> _Task description_: The material below is to be copied exactly from the line with "Рисунок 2- Доля" up to and including the line with "[右真圖] 林克恭 紅毛關（局部） 1972 油彩、畫布 53.3×45.7cm", with nothing else kept and no pictures.
______________________________
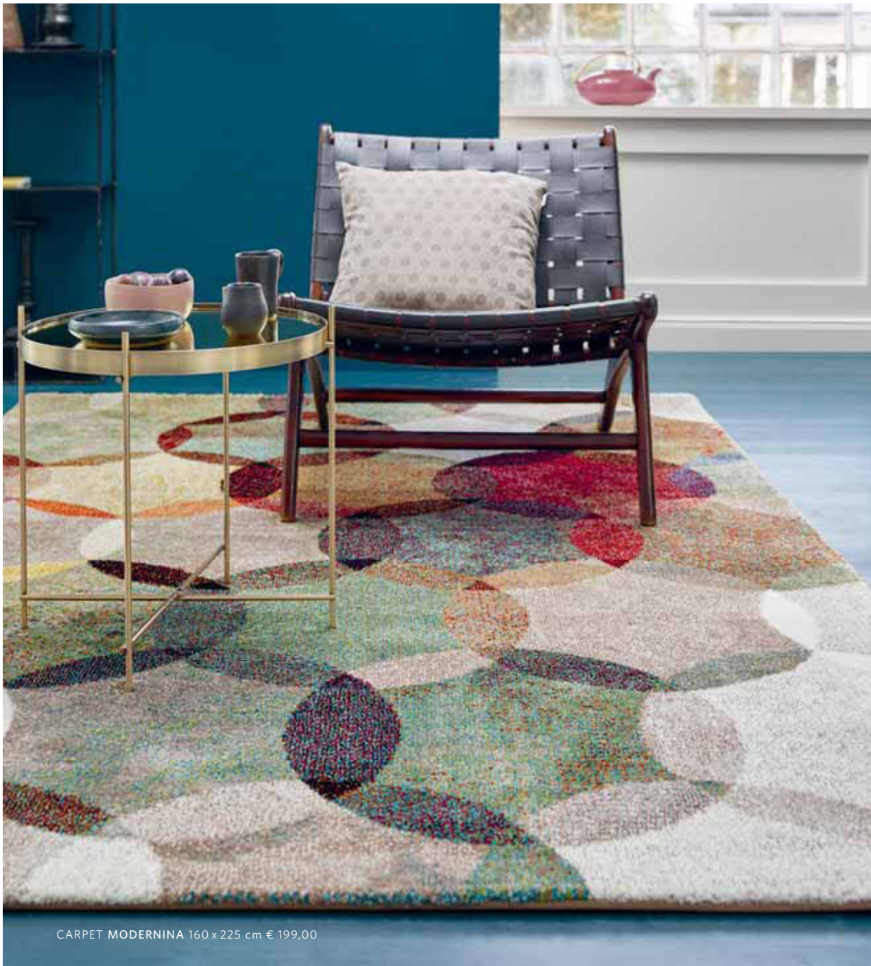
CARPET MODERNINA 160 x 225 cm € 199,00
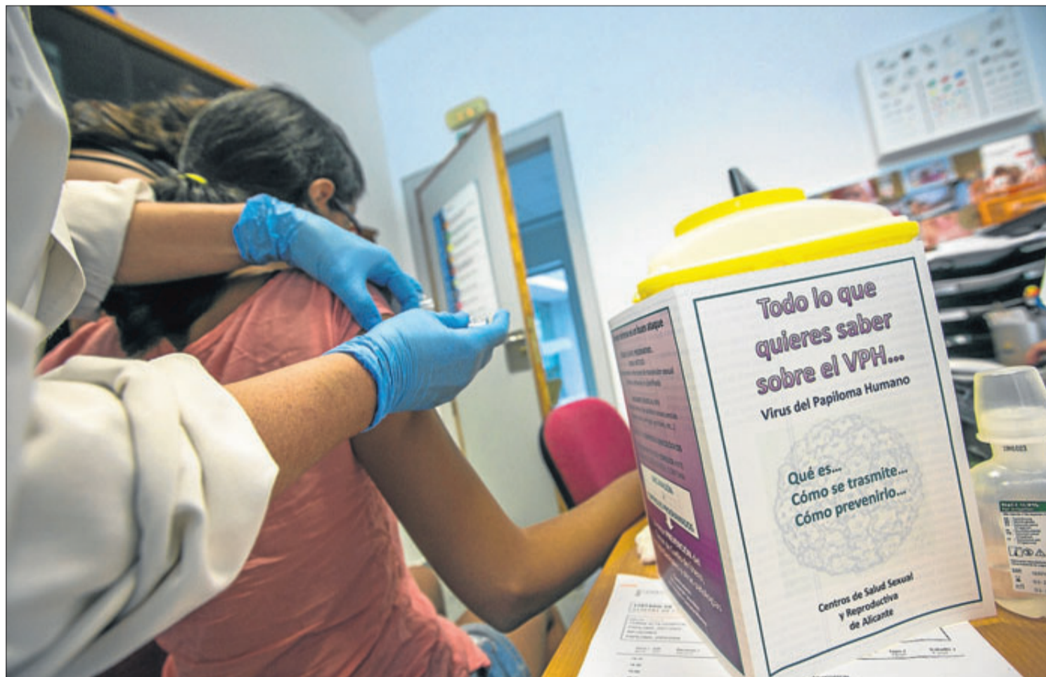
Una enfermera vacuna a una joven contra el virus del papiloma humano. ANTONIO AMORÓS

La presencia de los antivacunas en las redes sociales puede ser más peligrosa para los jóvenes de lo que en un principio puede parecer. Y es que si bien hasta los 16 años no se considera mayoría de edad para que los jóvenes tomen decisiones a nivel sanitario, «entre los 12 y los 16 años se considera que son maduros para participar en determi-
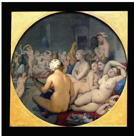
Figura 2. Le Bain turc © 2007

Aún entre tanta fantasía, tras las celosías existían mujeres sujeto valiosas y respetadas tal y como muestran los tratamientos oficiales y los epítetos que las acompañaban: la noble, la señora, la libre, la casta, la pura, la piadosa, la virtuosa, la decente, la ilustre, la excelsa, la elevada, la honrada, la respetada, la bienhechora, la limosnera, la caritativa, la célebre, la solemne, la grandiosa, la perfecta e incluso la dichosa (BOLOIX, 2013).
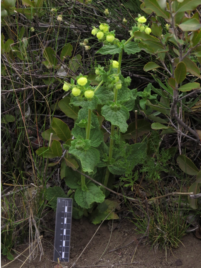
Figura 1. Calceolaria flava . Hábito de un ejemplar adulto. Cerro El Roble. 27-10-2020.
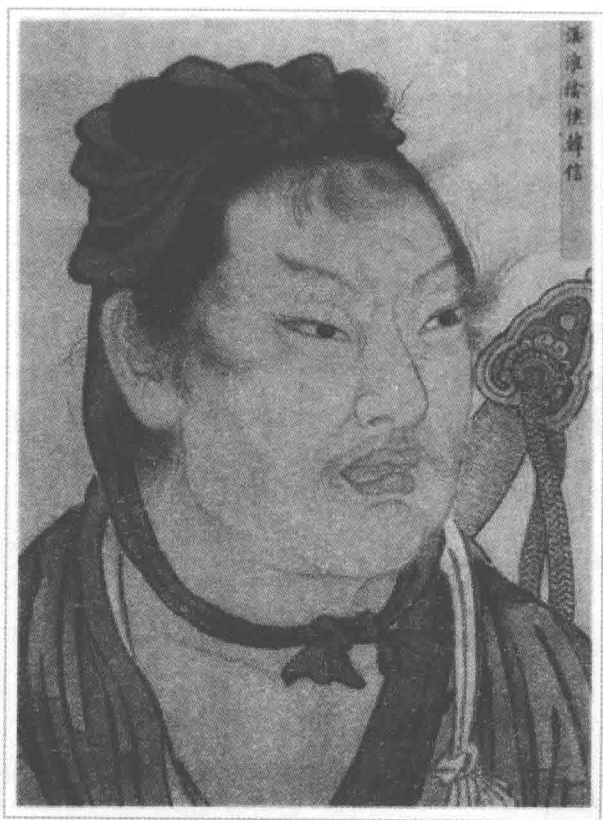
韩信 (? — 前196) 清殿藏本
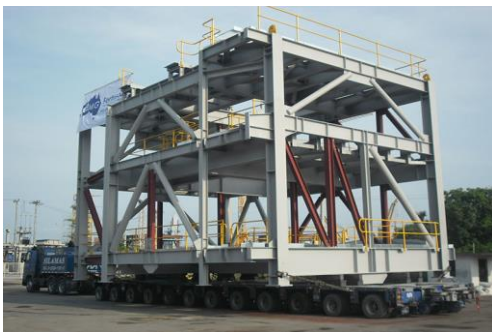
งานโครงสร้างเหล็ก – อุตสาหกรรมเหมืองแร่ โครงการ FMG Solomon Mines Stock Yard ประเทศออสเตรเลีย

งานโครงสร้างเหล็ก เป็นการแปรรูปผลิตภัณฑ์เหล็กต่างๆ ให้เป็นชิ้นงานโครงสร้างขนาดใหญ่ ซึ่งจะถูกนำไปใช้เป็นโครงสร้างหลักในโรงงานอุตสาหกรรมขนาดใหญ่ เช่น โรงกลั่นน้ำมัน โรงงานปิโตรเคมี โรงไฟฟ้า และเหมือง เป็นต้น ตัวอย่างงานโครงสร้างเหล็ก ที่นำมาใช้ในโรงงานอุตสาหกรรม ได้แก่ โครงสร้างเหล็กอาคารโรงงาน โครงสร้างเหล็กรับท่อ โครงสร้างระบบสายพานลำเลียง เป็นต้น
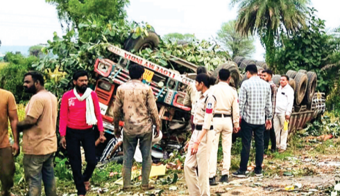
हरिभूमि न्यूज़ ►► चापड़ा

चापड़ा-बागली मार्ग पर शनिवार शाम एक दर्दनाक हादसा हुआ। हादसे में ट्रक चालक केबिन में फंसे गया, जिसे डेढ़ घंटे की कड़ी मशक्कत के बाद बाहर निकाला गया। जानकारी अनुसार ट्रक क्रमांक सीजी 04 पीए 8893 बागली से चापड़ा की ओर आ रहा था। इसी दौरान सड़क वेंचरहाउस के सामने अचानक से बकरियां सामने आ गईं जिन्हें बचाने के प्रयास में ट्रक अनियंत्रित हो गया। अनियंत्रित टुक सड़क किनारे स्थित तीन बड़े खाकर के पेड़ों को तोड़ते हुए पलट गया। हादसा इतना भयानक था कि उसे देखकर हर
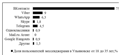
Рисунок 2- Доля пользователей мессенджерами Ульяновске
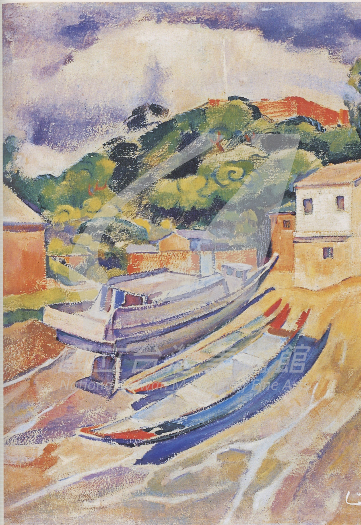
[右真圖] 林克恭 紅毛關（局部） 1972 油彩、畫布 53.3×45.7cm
______________________________
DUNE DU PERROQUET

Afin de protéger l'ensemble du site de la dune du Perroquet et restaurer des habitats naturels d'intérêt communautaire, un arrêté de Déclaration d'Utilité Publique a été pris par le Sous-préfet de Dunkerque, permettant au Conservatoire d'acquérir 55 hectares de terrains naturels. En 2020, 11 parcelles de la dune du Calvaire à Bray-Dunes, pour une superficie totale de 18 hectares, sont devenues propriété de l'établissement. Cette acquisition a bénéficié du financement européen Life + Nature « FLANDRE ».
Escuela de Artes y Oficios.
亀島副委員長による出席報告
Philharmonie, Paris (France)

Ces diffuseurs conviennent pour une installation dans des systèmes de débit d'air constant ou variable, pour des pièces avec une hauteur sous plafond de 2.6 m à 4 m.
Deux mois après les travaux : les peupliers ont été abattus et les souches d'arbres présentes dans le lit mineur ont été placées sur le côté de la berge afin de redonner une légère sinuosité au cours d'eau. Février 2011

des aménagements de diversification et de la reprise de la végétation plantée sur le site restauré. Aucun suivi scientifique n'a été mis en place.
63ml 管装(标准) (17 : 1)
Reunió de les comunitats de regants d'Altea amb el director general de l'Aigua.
______________________________
> _Answer space_:
Рисунок 2- Доля пользователей мессенджерами Ульяновске
[右真圖] 林克恭 紅毛關（局部） 1972 油彩、畫布 53.3×45.7cm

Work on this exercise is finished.